Cornelius is a partner in an aluminium trading firm which is facing bankruptcy. The business has been trying to continue its principled style whilst the rest of the world of business has become much more competitive, hard-nosed and ethically dubious.  His partner is away trying to drum up trade (apparently) whilst he runs the office and fends off creditors and endless sales reps (‘travellers’ – I’d almost forgotten the term!) many of whom have turned to selling in desperation during the tough mid-30’s. For good measure, we also have the mystery surrounding what has actually been happening to partner Murrison on the road and unrequited love both by and of Cornelius.

It’s a slow start as the situation and characters are introduced, but when it gets into its stride it draws you in and zips along. Designer David Woodhead has created a brilliant period office environment and Sam Yates staging makes great use of the limited space. The performance style also takes time to settle.
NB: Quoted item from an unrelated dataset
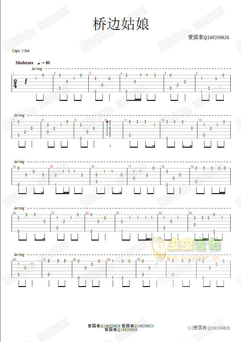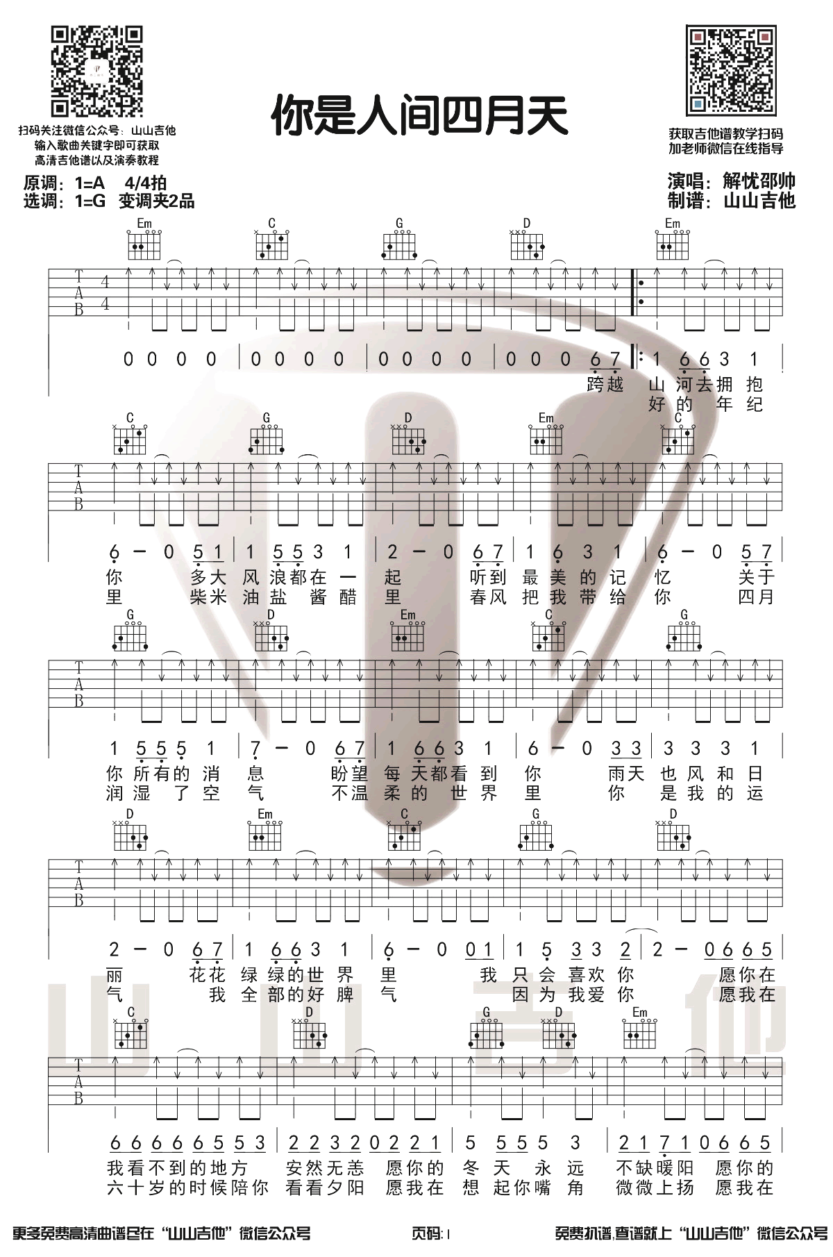 原调A,选调G,变调夹夹第二品。三张图片六线谱,山山吉他出品...

I found the acting a bit OTT at first, but I think this is getting used to the behaviours for the period; a rhythm develops and it becomes more realistic.
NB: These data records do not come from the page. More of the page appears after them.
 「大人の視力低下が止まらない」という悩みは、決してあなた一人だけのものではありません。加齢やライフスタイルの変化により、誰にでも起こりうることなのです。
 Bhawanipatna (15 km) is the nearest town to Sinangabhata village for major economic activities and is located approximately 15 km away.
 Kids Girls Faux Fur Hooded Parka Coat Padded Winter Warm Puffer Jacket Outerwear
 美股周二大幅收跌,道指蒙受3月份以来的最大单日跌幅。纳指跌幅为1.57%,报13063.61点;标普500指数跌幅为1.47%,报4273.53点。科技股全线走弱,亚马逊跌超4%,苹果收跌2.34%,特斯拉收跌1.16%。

Cornelius is on stage almost the whole time and Alan Cox has to strike the right note as a benevolent businessman with a sprinkling of naivety without making him a patronising bore; he pulls it off beautifully. Col Farrell seems completely at home as Chief Cashier Biddle from the outset; a lovely performance. There are fourteen other fine performances from 10 actors – too many to mention, but all worthy of it.

The subject matter is right up J B Priestly’s moralistic street, but the parallel between his time and ours is simply extraordinary. Yet again we find the Finborough brings us important revivals whilst others are endlessly re-cycling Shaw, Ibsen & Chekov. A bucketload of theatrical brownie points!